Description of the task = Everything from the line that holds "kegiatan ibadah ini dipimpin" through the end of the records below is to be transcribed exactly, except the pictures.
________________________
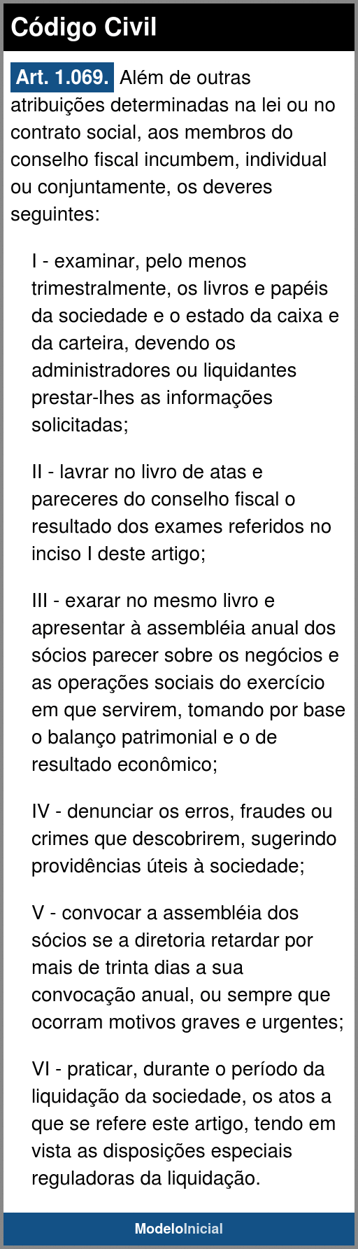 Art. 1.069. Além de outras atribuições determinadas na lei ou no contrato social, aos membros do conselho fiscal incumbem, individual ou conjuntamente, os deveres seguintes:
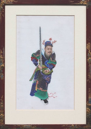 A very finely Embroidered Gros and Petit Point, Silk and Wool, Embroidered Panel "Shepherd & Shepherdess", previously a chair back rest. ...
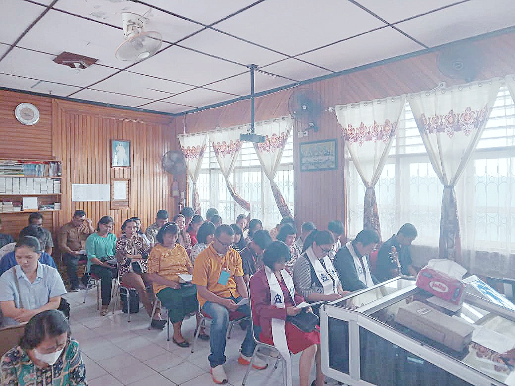 kegiatan ibadah ini dipimpin ini oleh Pdt. Marlina Mohimpi. S.Th dari Gereja Kristen Sulawesi Tengah (GKST) Jemaat Effatha Palu dengan tema ibadah “Pertobatan dan Pengampunan” dalam bacaan Matius 6 :11-12 kegiatan ibadah ini turut diawasi oleh anggota pengamanan yang bertugas.
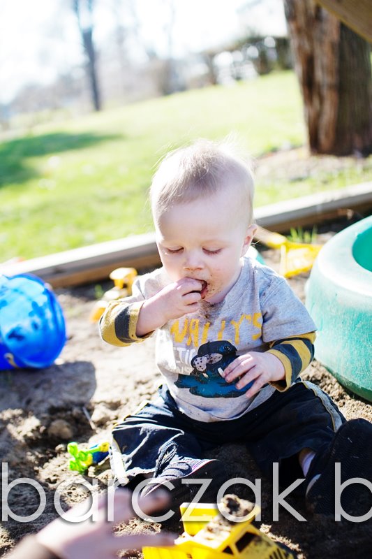 That little saying… has never been truer. My boys love to play in the dirt. Well, Porter does, and Hudson is quickly following suit. I’m glad he’s getting a little bigger and can be plopped down outside and find something to play with. We do have a sand box… just no sand yet. Even when we did last summer, Porter preferred to play in the dirt around the sand box. Go figure.
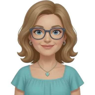 AJM - woman, narrow face, blue eyes, mid 40's age, silver small hoop earrings, light brown hair, rectangular glasses, shoulder length wavy hair, small tiffany heart necklace, teal summer dress emoji
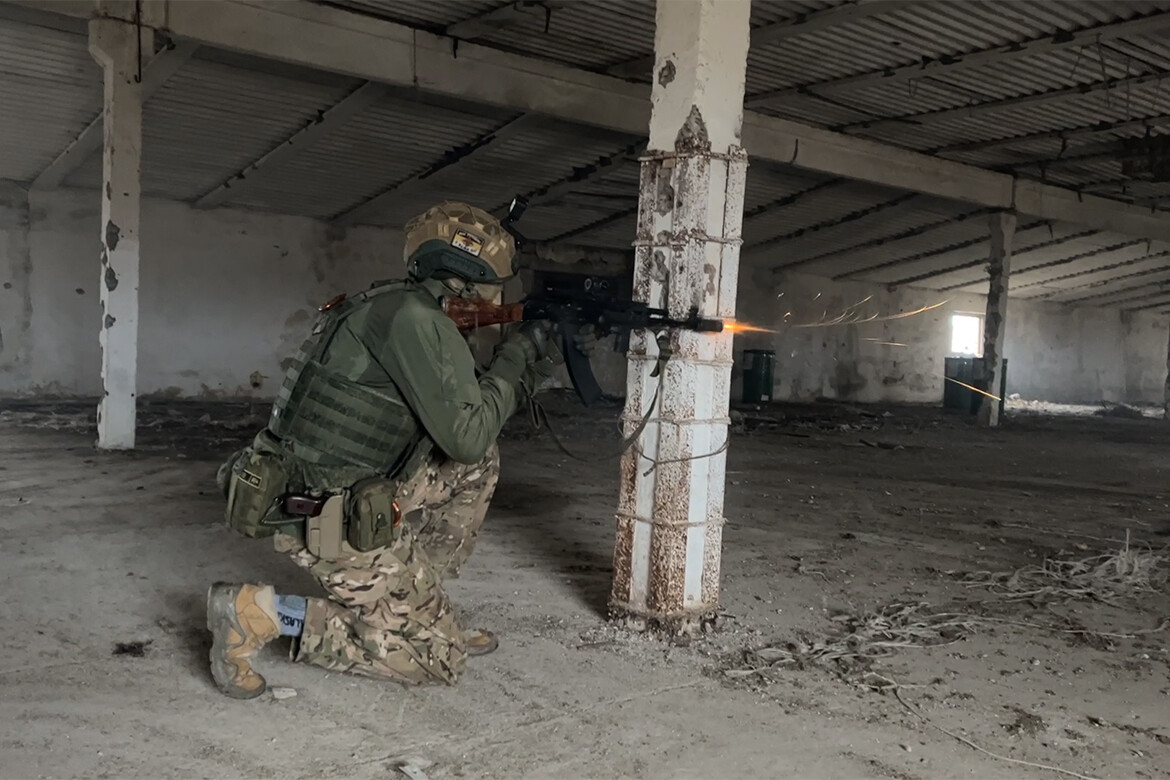 Под конец экскурсии военнослужащий с позывным Бурый проводит нас в просторное помещение с бетонными стенами, несущими колоннами и частично обрушившимися навесными потолками. Здесь солдаты тренируются, улучшают навыки владения полевой медициной, пристреливают и чистят оружие.
________________________
Exercise answer =
 kegiatan ibadah ini dipimpin ini oleh Pdt. Marlina Mohimpi. S.Th dari Gereja Kristen Sulawesi Tengah (GKST) Jemaat Effatha Palu dengan tema ibadah “Pertobatan dan Pengampunan” dalam bacaan Matius 6 :11-12 kegiatan ibadah ini turut diawasi oleh anggota pengamanan yang bertugas.
 That little saying… has never been truer. My boys love to play in the dirt. Well, Porter does, and Hudson is quickly following suit. I’m glad he’s getting a little bigger and can be plopped down outside and find something to play with. We do have a sand box… just no sand yet. Even when we did last summer, Porter preferred to play in the dirt around the sand box. Go figure.
 AJM - woman, narrow face, blue eyes, mid 40's age, silver small hoop earrings, light brown hair, rectangular glasses, shoulder length wavy hair, small tiffany heart necklace, teal summer dress emoji
 Под конец экскурсии военнослужащий с позывным Бурый проводит нас в просторное помещение с бетонными стенами, несущими колоннами и частично обрушившимися навесными потолками. Здесь солдаты тренируются, улучшают навыки владения полевой медициной, пристреливают и чистят оружие.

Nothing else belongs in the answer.